(EXERCISE DATA begins)

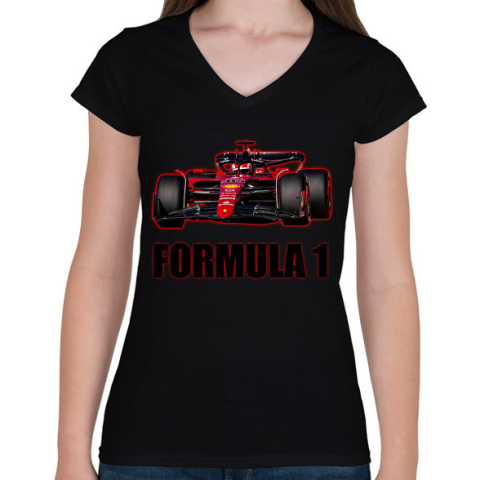 1 kép PRINTFASHION Forma 1 - Női V-nyakú póló - Fekete
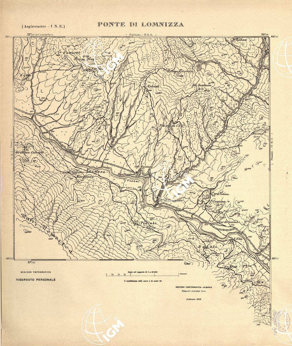 Carta ricavata mediante ingrandimento fotomeccanico dai rilievi alla scala di 1:50.000 dalla Sezione Cartografica del Comando XVI Corpo d’ Armata in Albania.
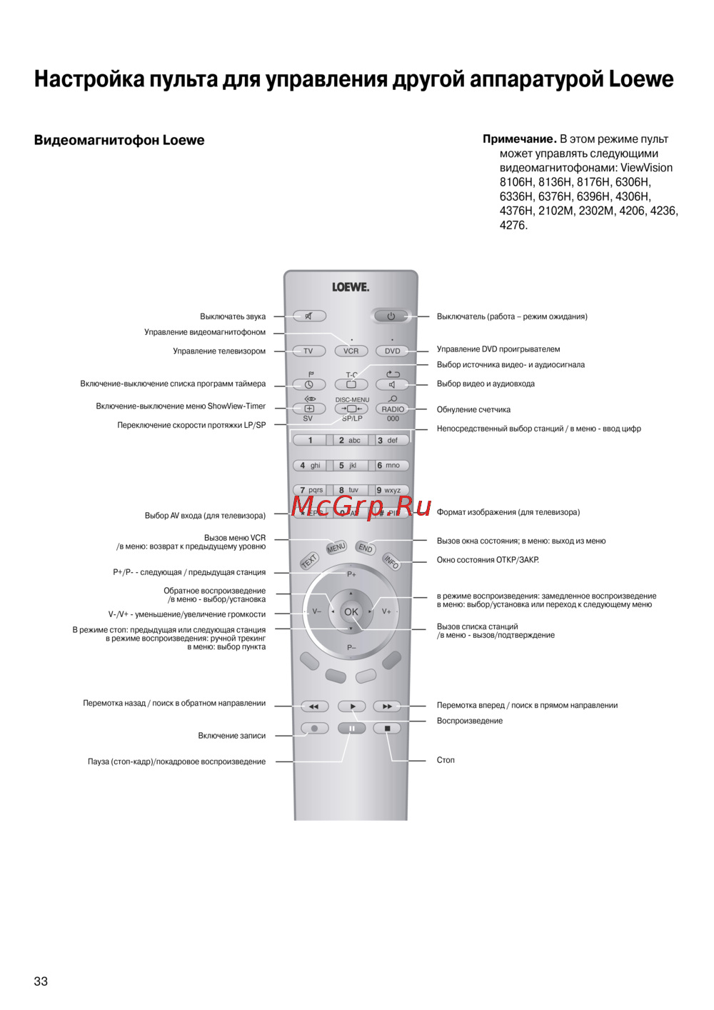 - Может управлять следующими видеомагнитофонами viewvision 8106h 8136h 8176h 6306h 6336h 6376h 6396h 4306h 4376h 2102m 2302m 4206 4236 4276 p.33
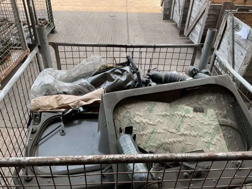 1x Stillage of FV432 Spares inc Windscreens etc
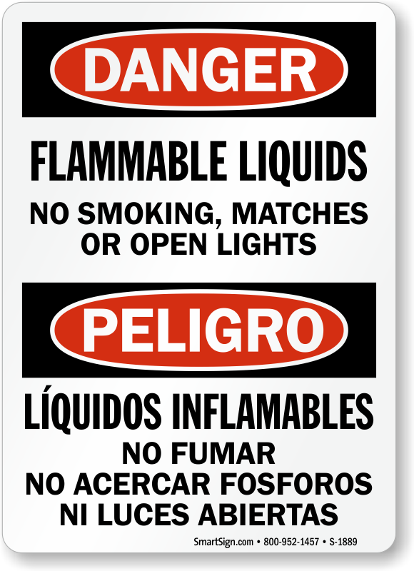 Use a "flammable liquids no smoking, matches or open lights" bilingual sign. Underline the value of avoiding accidents.
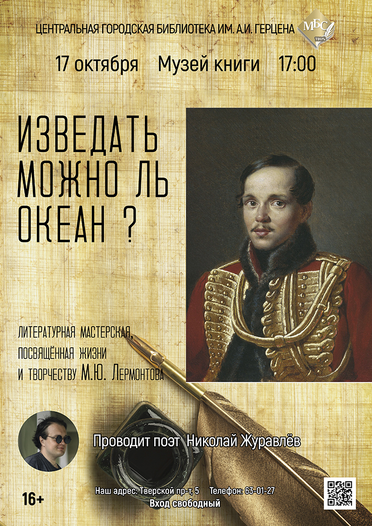 «Я был готов любить весь мир, — меня никто не понял: и я выучился ненавидеть. Моя бесцветная молодость протекала в борьбе с собой и светом; лучшие мои чувства, боясь насмешки, я хоронил в глубине сердца: они там и умерли», — эти слова Печорина из романа «Герой нашего времени» в полной мере относятся и к автору данного произведения. Пожалуй, в русской литературе нет более непонятой личности, чем Михаил Юрьевич Лермонтов. Горделивый, заносчивый, язвительный — таким он запомнился большинству современников. Но что на самом деле творилось на душе у поэта? Узнать об этом вы сможете на литературной мастерской «Изведать можно ль океан?».
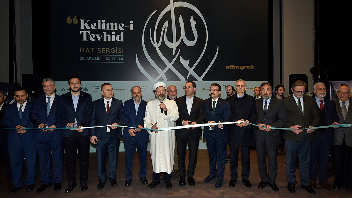 Kelime-i Tevhid temalı serginin gelecek nesillere örnek olması açısından çok önemli olduğunu ifade eden Erbaş, “Mümin olmanın birinci şartı ‘La ilahe illallah Muhammedun Resulullah’ ne kadar güzel. Aynı zamanda kelime-i tevhidin yazıldığı o levhaları okuduğumuz zaman en mübarek zikri de yapmış oluyoruz. ‘Kur’an-ı Kerim Hicaz’da indi, Mısır’da okundu, İstanbul’da yazıldı’ diyoruz ya işte onun da bir ispatıdır. İslam medeniyetinin en güzel sanatlarından birisinin oluşmasına bizim hatlarımız vesile oldu” diye konuştu.
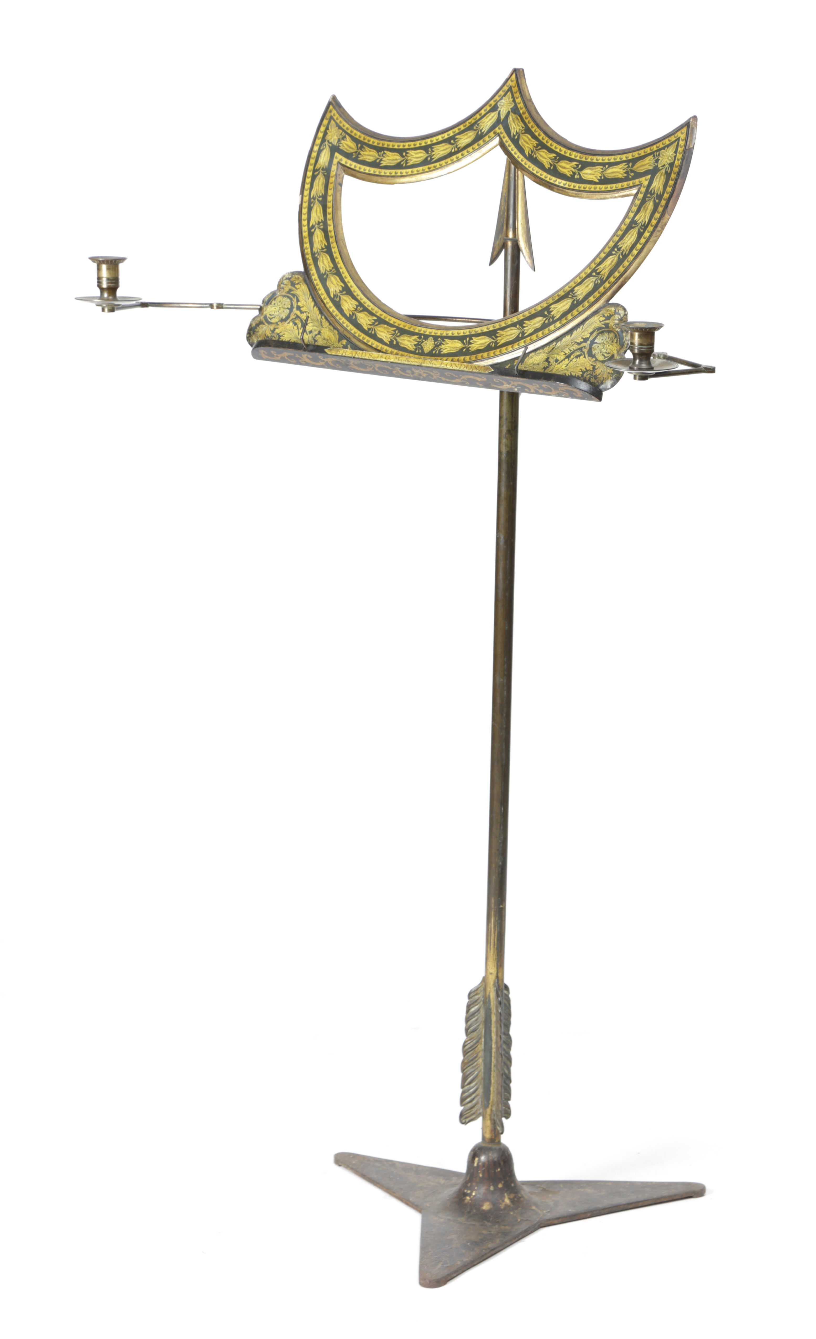 the lyre shape rest decorated with bands of beads and harebells and with scrolling leaves, inscribed 'Erard's, 18 Gt. Marlborough Str. London', with a pair of extending candle sconces, on an adjustable arrow shaft and foliate decorated triform base
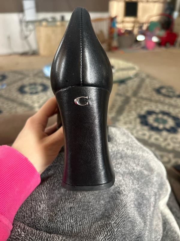 The Coach Sculpted Leather Pump delivers a beautiful blend of polish and comfort, with its sleek silhouette and premium leather that feels luxurious right out of the box. The heel height is elegant without being overwhelming, making it versatile enough for both office wear and nights out. It holds up well through long days, and the craftsmanship feels sturdy and refined. The only drawback is that it takes a short break-in period and runs slightly narrow, but once softened, it becomes a reliable

(EXERCISE DATA ends)

> [TASK OBJECTIVE] Above are the records; please give again, exactly and in full, only the lines that run from the line with "of avoiding accidents." through the line with "был готов любить", with no pictures.

> [EXERCISE RESPONSE]
 Use a "flammable liquids no smoking, matches or open lights" bilingual sign. Underline the value of avoiding accidents.
 «Я был готов любить весь мир, — меня никто не понял: и я выучился ненавидеть. Моя бесцветная молодость протекала в борьбе с собой и светом; лучшие мои чувства, боясь насмешки, я хоронил в глубине сердца: они там и умерли», — эти слова Печорина из романа «Герой нашего времени» в полной мере относятся и к автору данного произведения. Пожалуй, в русской литературе нет более непонятой личности, чем Михаил Юрьевич Лермонтов. Горделивый, заносчивый, язвительный — таким он запомнился большинству современников. Но что на самом деле творилось на душе у поэта? Узнать об этом вы сможете на литературной мастерской «Изведать можно ль океан?».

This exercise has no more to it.